Four, the relationship between redrawing and reflux

Backflow must occur redraw, redraw does not necessarily cause backflow.

Five, performance impact

  • Reflux is more expensive than drawing.

  • Sometimes even if only a single element is backflowed, its parent element and any elements that follow it will also backflow. That is, changing the children of the parent node is likely to result in a series of backflows of the parent node.

Six, optimization

1. Browser optimization:

The browser maintains a queue and places all operations that cause backflow and redraw in this queue. When the number of operations in the queue reaches a certain number of times or at a certain interval, the browser flushes the queue and performs a batch. This will turn multiple backflow and redraw into a single backflow redraw.

2. Reduce redrawing and reflow

CSS
  1. Avoid table layouts.

  2. Change the class at the very end of the DOM tree whenever possible.

  3. Avoid setting multiple inline styles.

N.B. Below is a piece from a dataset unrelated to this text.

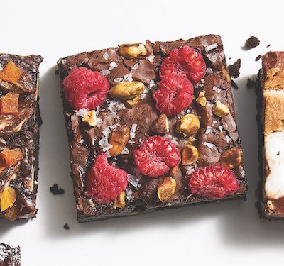 Prepare brownie mix according to package directions, except top with 1/2 cup fresh raspberries and 1/4 cup chopped pistachios during the last 15 minutes of baking. Sprinkle with sea salt flakes.
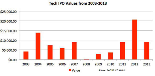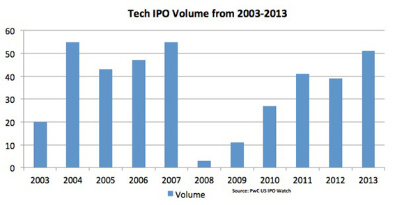 2003 年至 2013 年间科技公司 IPO 的成交量

CSS selectors match from right to left to avoid DOM depth

  4. Apply the animation to an element whose position attribute is absolute or fixed.

  5. Avoid USING CSS expressions (such as calc()).

  6. Use visibility instead of display: None, because the former will only cause redraw and the latter will cause backflow (changing the layout)

  7. Turn frequently running animations into layers that prevent backflow from affecting other elements. For the video TAB, for example, the browser automatically turns the node into a layer.

JavaScript
  1. To avoid manipulating styles too often, it is best to override the style property once, or define the style list as class and change the class property once.

  2. To avoid frequent DOM manipulation, create a documentFragment, apply all DOM manipulation to it, and finally add it to the document.

  3. You can set display: None to the element and display it when you’re done. Because DOM operations on elements with the display attribute none do not cause backflow and redraw.

  4. Avoid frequently reading properties that cause backflow/redraw, and if you do need to use them more than once, cache them in a variable.

  5. Use absolute positioning on elements with complex animations to keep them out of the document stream, which would otherwise cause frequent backflow of parent elements and subsequent elements.